*WHAT IS REQUIRED:*
Restate exactly the lines of the entries below, beginning with the first and ending with the line that holds "A-journalin iso seinäkalenteri". Pictures are not copied.

*DATASET RECORDS:*
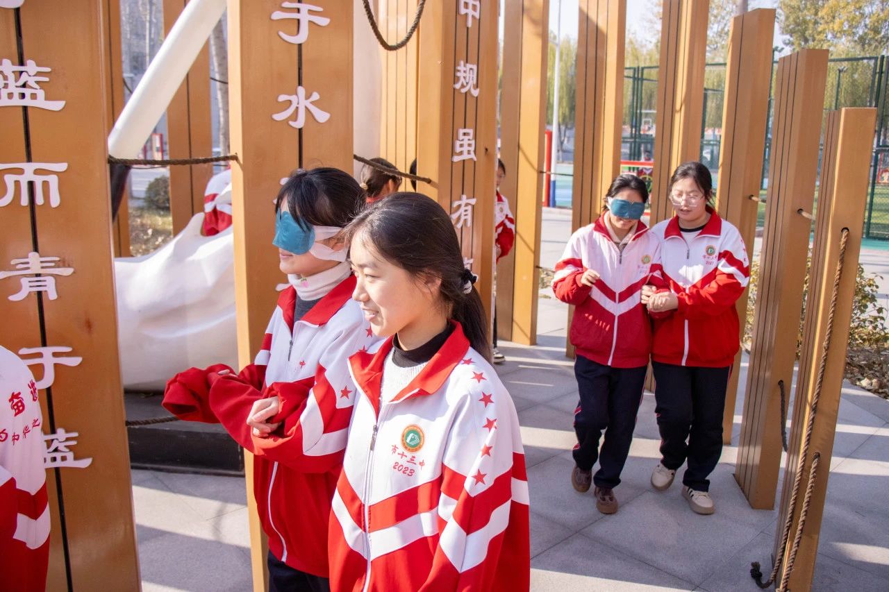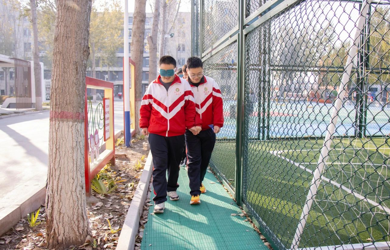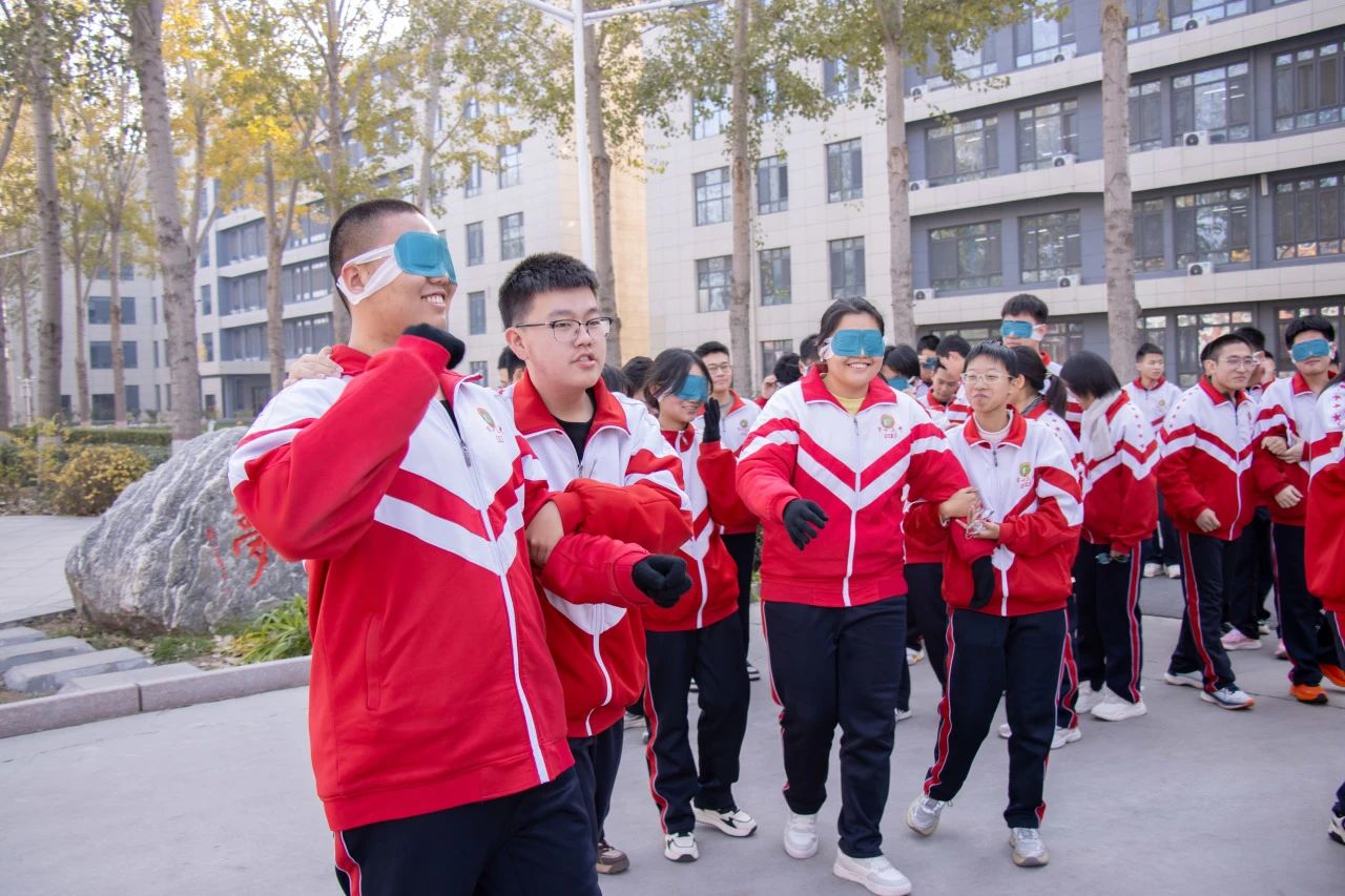 当视线模糊,眼前一片漆黑,同学们的心却慢慢靠得更近。为了在同学们之间建立起坚实的信任桥梁,促进更深层次的情感交流,近日,衡水十三中组织了“盲人”与“拐杖”心理小游戏,大家在失去视觉的世界里,感受信任的力量,学会换位思考、相互理解,增进友谊。
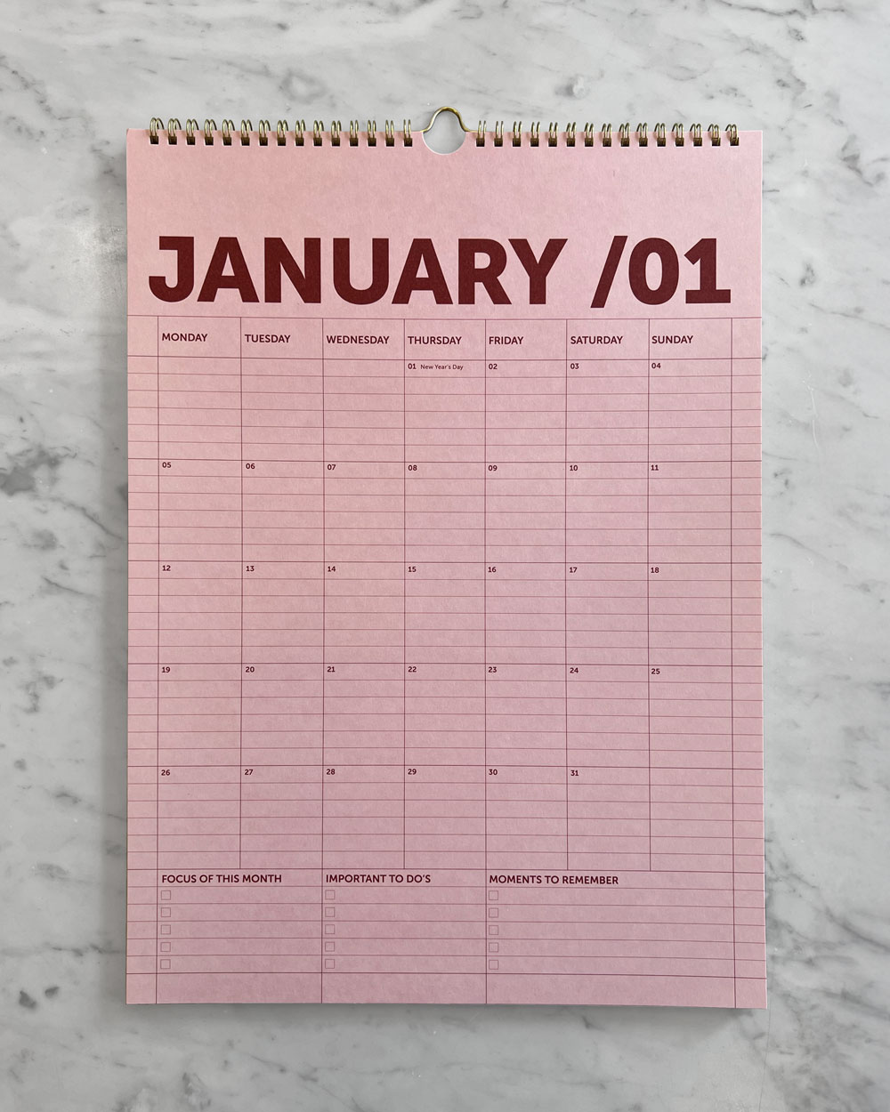 A-journalin iso seinäkalenteri vuodelle 2026. Ripustettava kalenteri on A3-kokoinen ja sen yhdellä sivulla on kuukaudelle viivoitettuu ruudukkonäkymä.
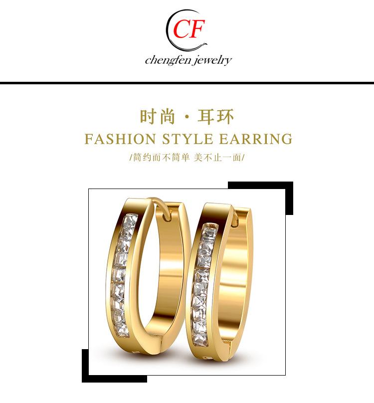 Compre Brincos de aço inoxidável banhados a ouro simples da moda, fivela de orelha de strass de aço de titânio, brincos de orelha populares europeus e americanos no atacado no Joom.pro
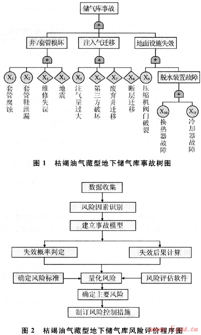 枯竭油氣藏型地下儲氣庫的安全問題至關(guān)重要,其風險是多方面的,與儲氣庫的規(guī)劃、設(shè)計、施工、運營、維護以及檢修的各過程密切相關(guān)。因此必須從系統(tǒng)安全的角度出發(fā),在儲氣庫事故資料統(tǒng)計分析的基礎(chǔ)上,借鑒輸氣管道風險評價方法,結(jié)合儲氣庫特點對系統(tǒng)中潛在風險因素進行初步分類,將其劃分為12大類、33小類,并建立事故樹進行主要風險因素識別,進一步利用事故模型判斷系統(tǒng)發(fā)生事故的可能性及其危害程度,確定其風險大小,建立相應(yīng)的風險評價程序,為制訂風險防范措施和安全管理決策提供科學依據(jù)。
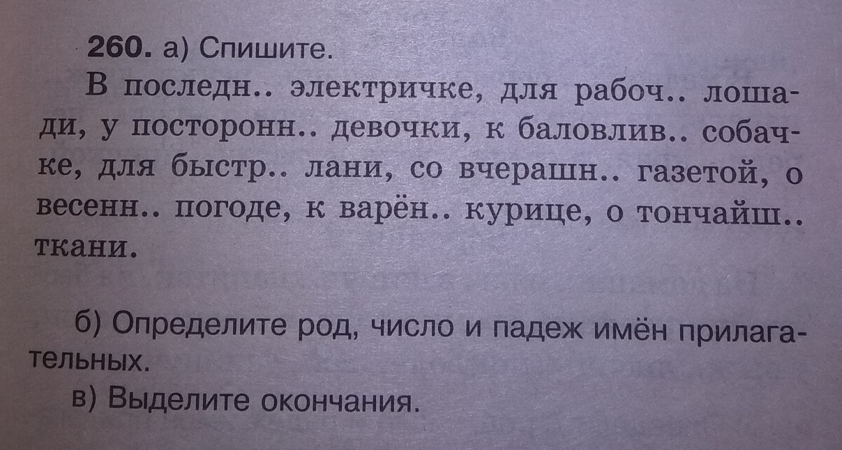 В последней(ж.р.,ед.ч.,П.п.) электричке,для рабочей(ж.р.,ед.ч.,Р.п.) лошади, у посторонней(ж.р.,ед.ч.,Р.п.) девочки,
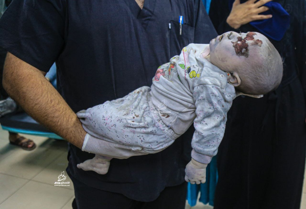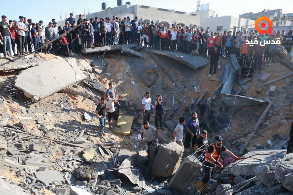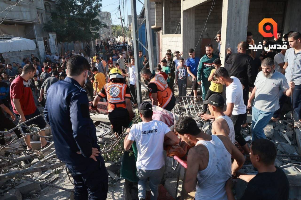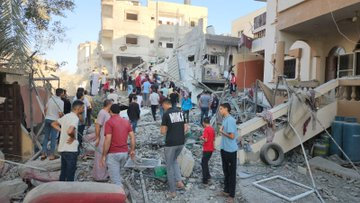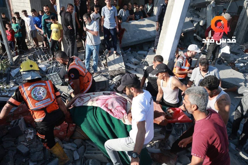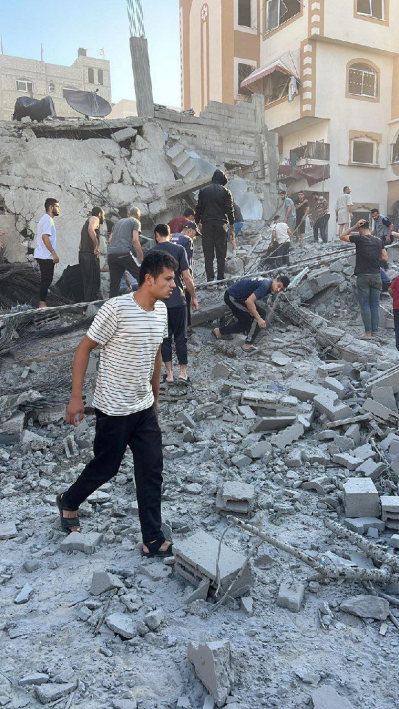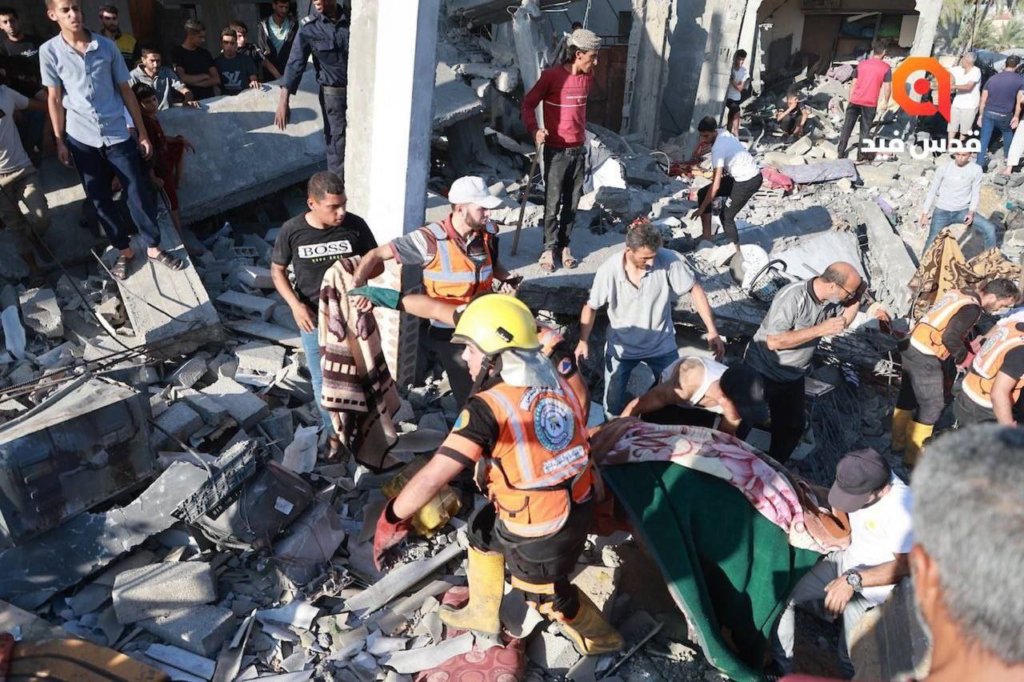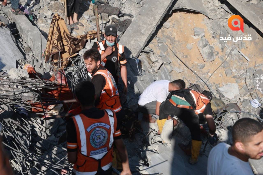 The aftermath of the strike was posted by Palestine Dialogue Network (@paldf) and Abu Kareem News showing the building reduced to rubble with local civilians and rescue workers sorting through the rubble. A post by Nuseirat Panorama showed the arrival of injured civilians, including a young man and an elderly man, at a local hospital while images posted by Nader Saad Abdul Haseeb show a woman with an injury to her face. Graphic images of a dead infant and a dead child arriving at the hospital were also posted by Nuseirat Panorama.

*ANSWER:*
 当视线模糊,眼前一片漆黑,同学们的心却慢慢靠得更近。为了在同学们之间建立起坚实的信任桥梁,促进更深层次的情感交流,近日,衡水十三中组织了“盲人”与“拐杖”心理小游戏,大家在失去视觉的世界里,感受信任的力量,学会换位思考、相互理解,增进友谊。
 A-journalin iso seinäkalenteri vuodelle 2026. Ripustettava kalenteri on A3-kokoinen ja sen yhdellä sivulla on kuukaudelle viivoitettuu ruudukkonäkymä.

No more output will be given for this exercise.